Kadri Bazi Breza was an ethnic Albanian, born in the village Brezë, located in the Karadak region. Kadri Bazi was the son of Abaz Breza, and had three Brothers. Kadri Breza began his life as a merchant, active in the old bazaars of Skopje, which were then part of the Ottoman Empire. On one occasion, a Serbian priest in the Old Bazaar of Skopje harassed two Muslim Albanian women from Matejče. The priest stripped the clothes off the two women and started beating them with a whip. The following day, upon learning of the incident, Kadri Breza tracked down the Serbian priest and killed him by firing six bullets into his head.

=== Life as a Kachak ===
Before the First Balkan War, he participated in the Battle of Kaçanik and the Capture of Skopje by Albanian troops during the Albanian Uprising of 1912. During the First Balkan War, Kadri Breza, alongside Idriz Seferi and others such as Sulë Hotla, participated in the Battle of Kumanovo. Kadri Breza, in particular, fought on the Tabanovce front, where he encountered the forces of Radomir Putnik. During the battle, the Ottomans accidentally fired their artillery shells at the Albanians defending Tabanovce instead of attacking Serbian forces.

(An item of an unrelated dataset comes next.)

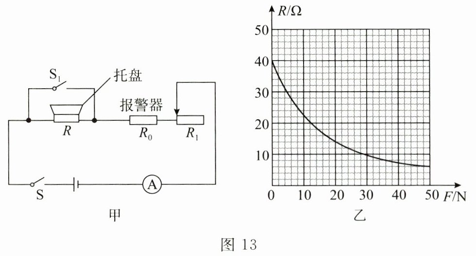 18. 电梯超载时,报警器会发出警报声以提醒后面进入的乘客退出电梯。某实验小组的同学用电源、开关、导线、压敏电阻、报警器、滑动变阻器($ 2 \, A $ $ 50 \, \Omega $)等模拟电梯的报警电路,如图 13 甲所示。闭合开关 $ S $ 和 $ S_1 $,滑动变阻器的滑片位于最左端,电流表示数为 $ I = 0.5 \, A $。已知电源电压 $ U $ 保持不变,压敏电阻 $ R $ 的阻值随压力 $ F $ 变化的规律如图 13 乙所示。报警器相当于一个定值电阻,阻值 $ R_0 = 30 \, \Omega $,当电流表的示数为 $ 300 \, mA $ 时报警器刚好报警。电流表“$ 0 \sim 0.6 \, A $”的量程连入电路,通过向托盘里加减物品改变压敏电阻受到的压力大小,托盘下表面是绝缘材质,不考虑电流表对电路的影响。

The accidental friendly fire is also said to have damaged the old Tabanovce mosque. Nevertheless, after suffering heavy casualties from the friendly fire, the Albanian Kachaks had to retreat. Idriz Seferi, while trying to withdraw, was also captured by the Serbian Army. Kadri Breza managed to escape and returned to his home village of Brezë afterwards. In 1913, Serbian forces captured Villages in the Karadak region, under them Kadri Breza's village. During that time a Serbian officer named Bašić with his unit composing of 300 men committed murders in the village, it was there when Bašić wanted to rape a local girl. Kadri Breza heard the cries for help by the local girl and armed with a axe approached the Serbian commander, beheading him in front of all his men. Surprised by this, the entire Serbian unit fled the village. Kadri Breza then went into hiding in the mountains, where he was never caught by the Serbian Authorities.

== Legacy ==
In Karadak Kadri Bazi Breza is celebrated as a hero, who defended the Honour of the Albanians.

A Monument to him is located in his home village of Brezë.

The Hasanbeg-Aračinovo road is named after him.